## Data excerpts

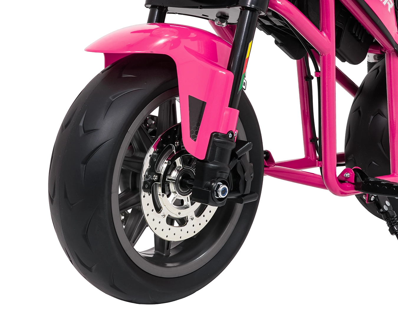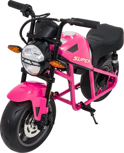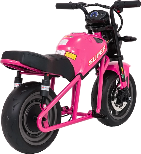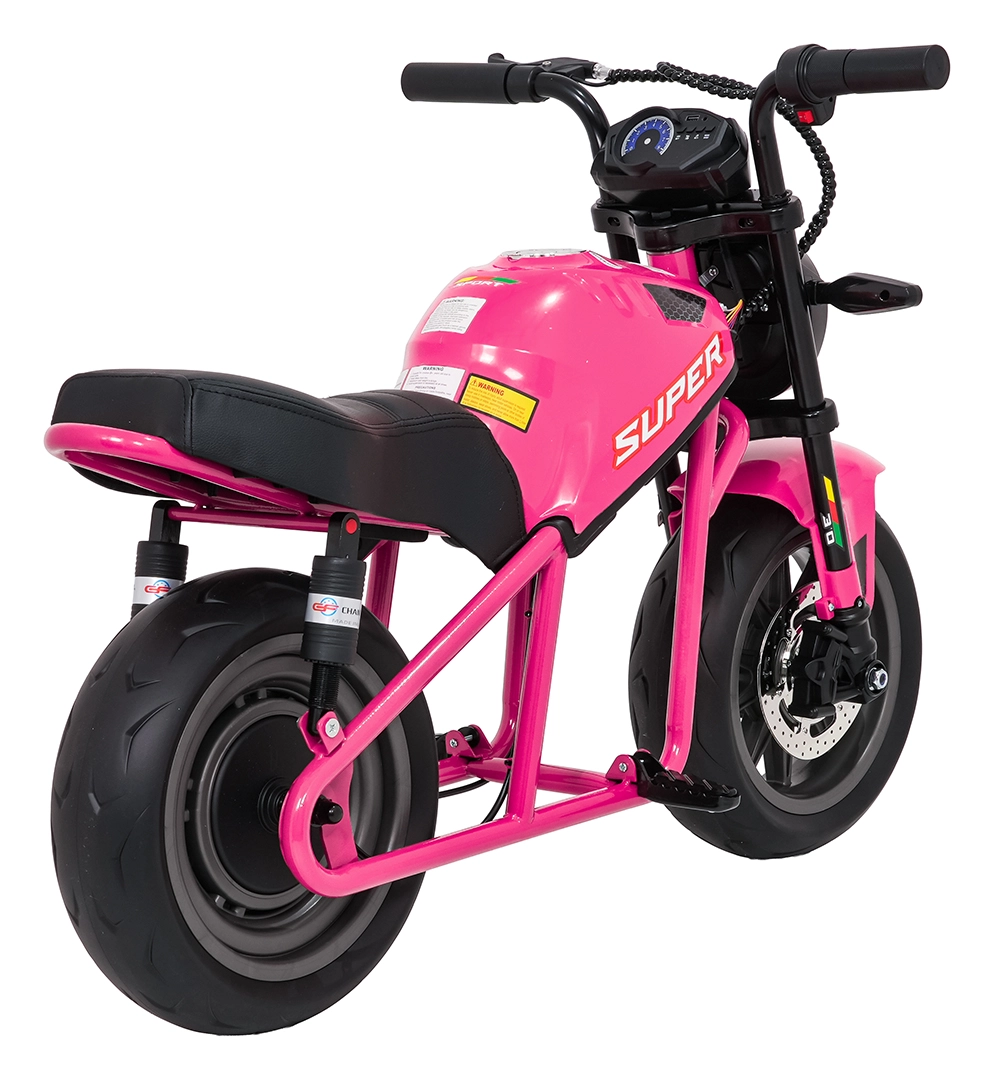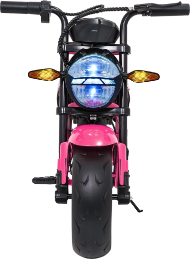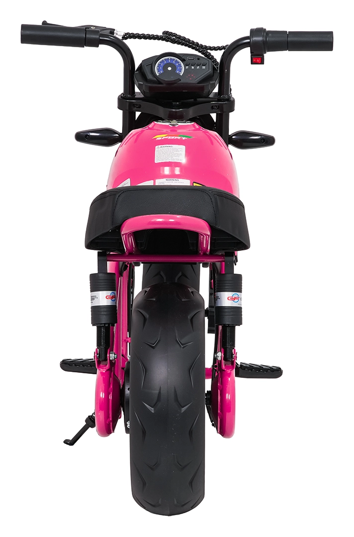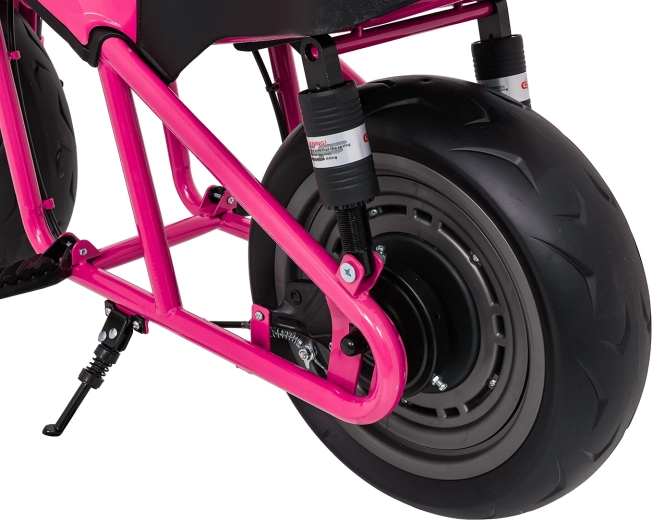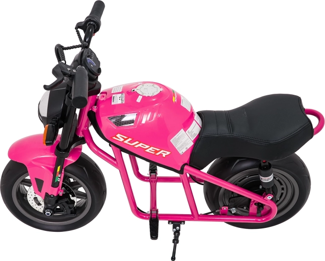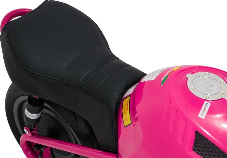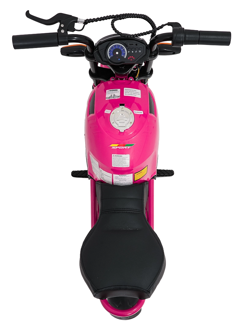 Ružová detská elektrická motorka SUPERMOTO spája športový vzhľad, bezpečnosť aj pohodlie. Silný motor 300 W a batéria 24 V 9 Ah zaistia svižnú a plynulú jazdu, plynulý štart zas pokojný rozjazd bez trhania. Široké EVA kolesá (33×12 cm) zvyšujú stabilitu na rôznych povrchoch a predné LED svetlo s podsvietenou palubnou doskou zlepšia viditeľnosť.
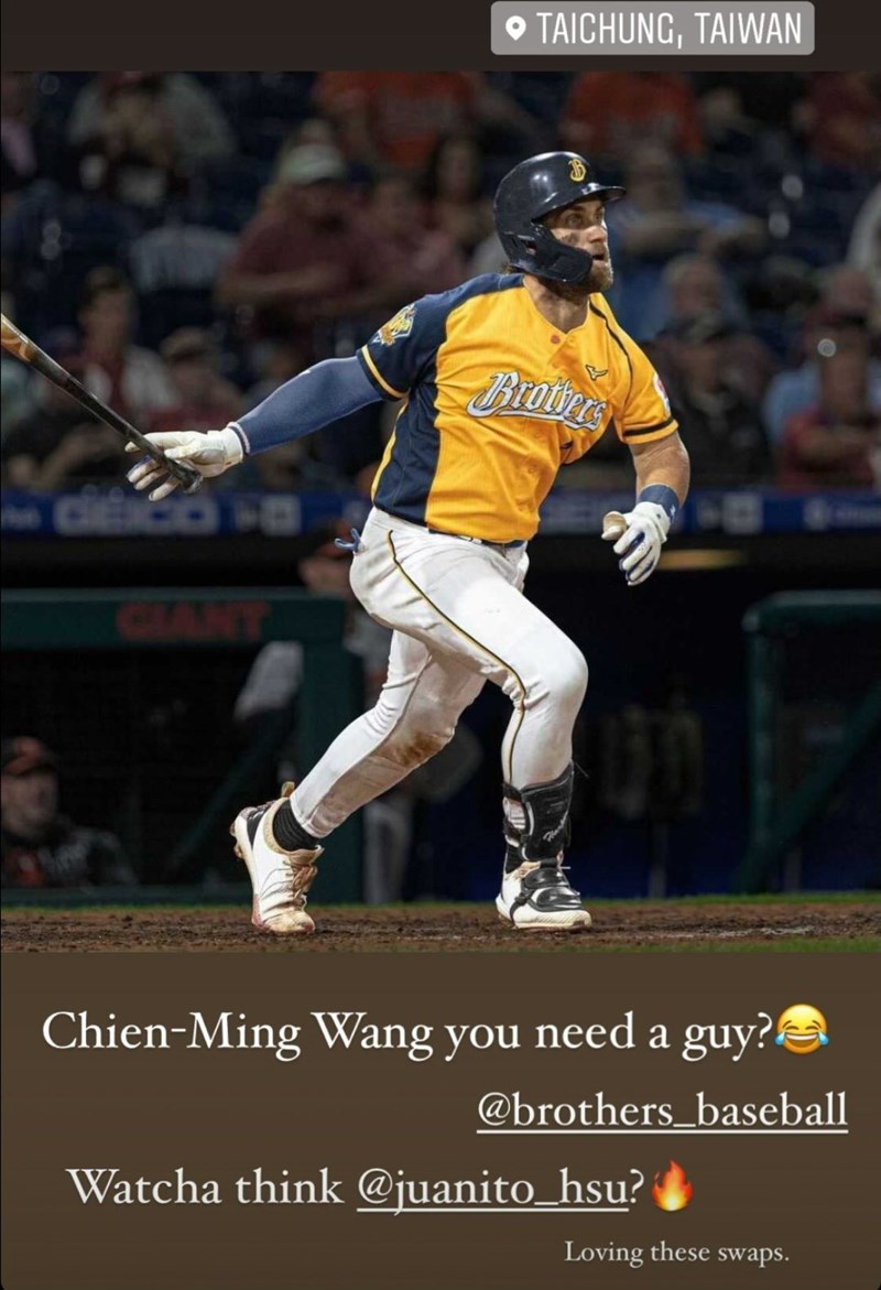 【記者張哲郢綜合報導】美國職棒費城費城人球星哈波(Bryce Harper)5日突發布限時動態,P上自己穿著中華職棒中信兄弟球衣的畫面,還向兄弟二軍投手教練王建民喊話「需要人手嗎?」,王建民今天也笑說,若哈波來台可以試一下臭豆腐。
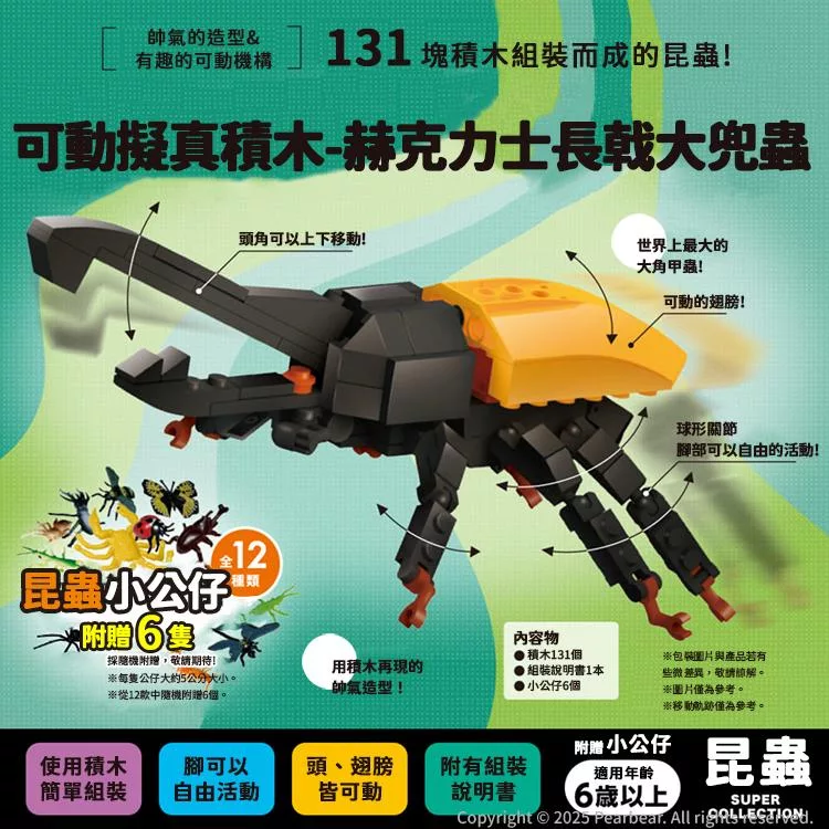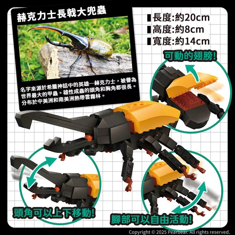 日本《Silverback》 -- 可動擬真積木-赫克力士長戟大兜蟲 ☆
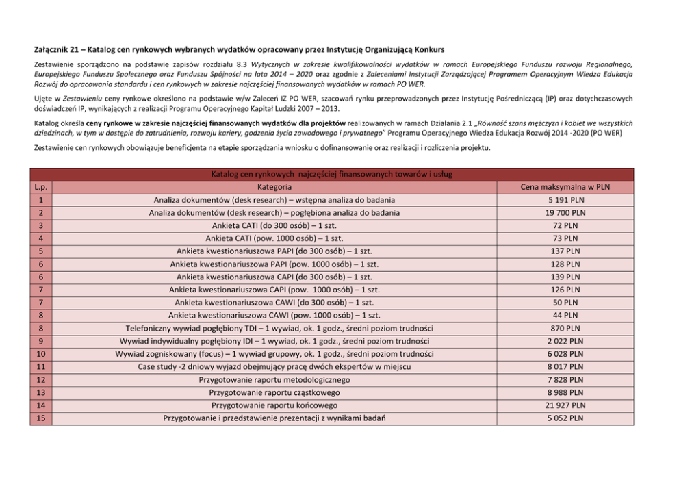 Załącznik 21 – Katalog cen rynkowych wybranych wydatków opracowany przez Instytucję Organizującą Konkurs Zestawienie sporządzono na podstawie zapisów rozdziału 8.3 Wytycznych w zakresie kwalifikowalności wydatków w ramach Europejskiego Funduszu rozwoju Regionalnego, Europejskiego Funduszu Społecznego oraz Funduszu Spójności na lata 2014 – 2020 oraz zgodnie z Zaleceniami Instytucji Zarządzającej Programem Operacyjnym Wiedza Edukacja Rozwój do opracowania standardu i cen rynkowych w zakresie najczęściej finansowanych wydatków w ramach PO WER. Ujęte w Zestawieniu ceny rynkowe określono na podstawie w/w Zaleceń IZ PO WER, szacowań rynku przeprowadzonych przez Instytucję Pośredniczącą (IP) oraz dotychczasowych doświadczeń IP, wynikających z realizacji Programu Operacyjnego Kapitał Ludzki 2007 – 2013. Katalog określa ceny rynkowe w zakresie najczęściej finansowanych wydatków dla projektów realizowanych w ramach Działania 2.1 „Równość szans mężczyzn i kobiet we wszystkich dziedzinach, w tym w dostępie do zatrudnienia, rozwoju kariery, godzenia życia zawodowego i prywatnego” Programu Operacyjnego Wiedza Edukacja Rozwój 2014 ‐2020 (PO WER) Zestawienie cen rynkowych obowiązuje beneficjenta na etapie sporządzania wniosku o dofinansowanie oraz realizacji i rozliczenia projektu. L.p. 1 2 3 4 5 6 6 7 7 8 8 9 10 11 12 13 14 15 Katalog cen rynkowych najczęściej finansowanych towarów i usług Kategoria Analiza dokumentów (desk research) – wstępna analiza do badania Analiza dokumentów (desk research) – pogłębiona analiza do badania Ankieta CATI (do 300 osób) – 1 szt. Ankieta CATI (pow. 1000 osób) – 1 szt. Ankieta kwestionariuszowa PAPI (do 300 osób) – 1 szt. Ankieta kwestionariuszowa PAPI (pow. 1000 osób) – 1 szt. Ankieta kwestionariuszowa CAPI (do 300 osób) – 1 szt. Ankieta kwestionariuszowa CAPI (pow. 1000 osób) – 1 szt. Ankieta kwestionariuszowa CAWI (do 300 osób) – 1 szt. Ankieta kwestionariuszowa CAWI (pow. 1000 osób) – 1 szt. Telefoniczny wywiad pogłębiony TDI – 1 wywiad, ok. 1 godz., średni poziom trudności Wywiad indywidualny pogłębiony IDI – 1 wywiad, ok. 1 godz., średni poziom trudności Wywiad zogniskowany (focus) – 1 wywiad grupowy, ok. 1 godz., średni poziom trudności Case study ‐2 dniowy wyjazd obejmujący pracę dwóch ekspertów w miejscu Przygotowanie raportu metodologicznego Przygotowanie raportu cząstkowego Przygotowanie raportu końcowego Przygotowanie i przedstawienie prezentacji z wynikami badań Cena maksymalna w PLN 5 191 PLN 19 700 PLN 72 PLN 73 PLN 137 PLN 128 PLN 139 PLN 126 PLN 50 PLN 44 PLN 870 PLN 2 022 PLN 6 028 PLN 8 017 PLN 7 828 PLN 8 988 PLN 21 927 PLN 5 052 PLN
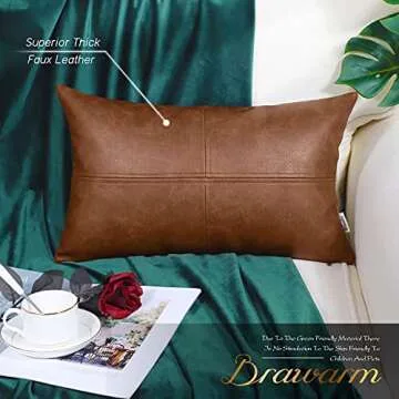 BRAWARM Faux Leather Throw Pillow Covers 12 X 20 Inches, Brown Leather Pillow Cover, Hand Stitched Leather Decorative Lumbar Pillow Cover for Couch Sofa Bed Living Room Home Garden
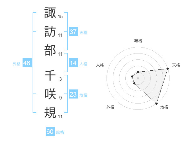 諏訪部 千咲規さんの総格は60画の1点!
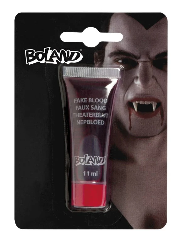 Een tube met bloed, niet echt maar nepbloed uiteraard. Wil je als vampier door het leven of wil je een Halloween feestje met veel bloed of wil je je Halloween outfit verfraaien met wat bloedsporen, dan is deze tube met een zeer natuurlijke bloedkleur iets voor jou, geschikt voor op de huid maar ook te gebruiken om bloedsporen in de kleren te creëren. De tube bevat 11 ml vers bloed
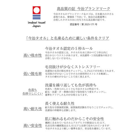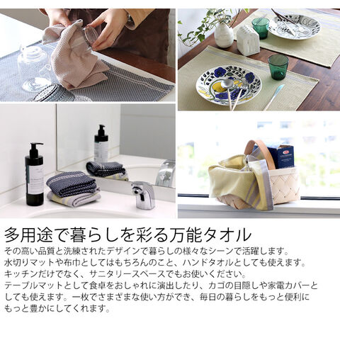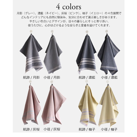| 備考 | ・最高洗濯温度は40度。漂白剤は使用不可。タンブル乾燥、ドライクリーニング不可。日陰での吊り干しをおすすめします。 ・吸水性が落ちるため、柔軟剤の使用はおすすめしません。 ・色移りを避けるため、白や淡色の生地と一緒に洗わないで下さい。 |
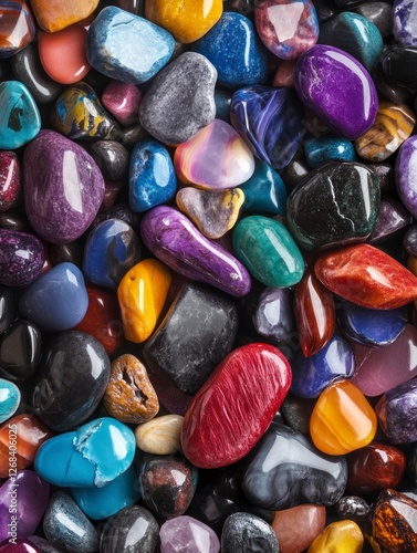 Colorful pebbles and rocks background, top view. Background of colorful stones. Shallow depth of field. High resolution.

## Instructions for the task
What you write out is the stretch of entries from the line containing "諏訪部 千咲規さんの総格は60画の1点!" to the line containing "Een tube met", word for word, with both end lines and no pictures.

## Task answer
 諏訪部 千咲規さんの総格は60画の1点!
 Een tube met bloed, niet echt maar nepbloed uiteraard. Wil je als vampier door het leven of wil je een Halloween feestje met veel bloed of wil je je Halloween outfit verfraaien met wat bloedsporen, dan is deze tube met een zeer natuurlijke bloedkleur iets voor jou, geschikt voor op de huid maar ook te gebruiken om bloedsporen in de kleren te creëren. De tube bevat 11 ml vers bloed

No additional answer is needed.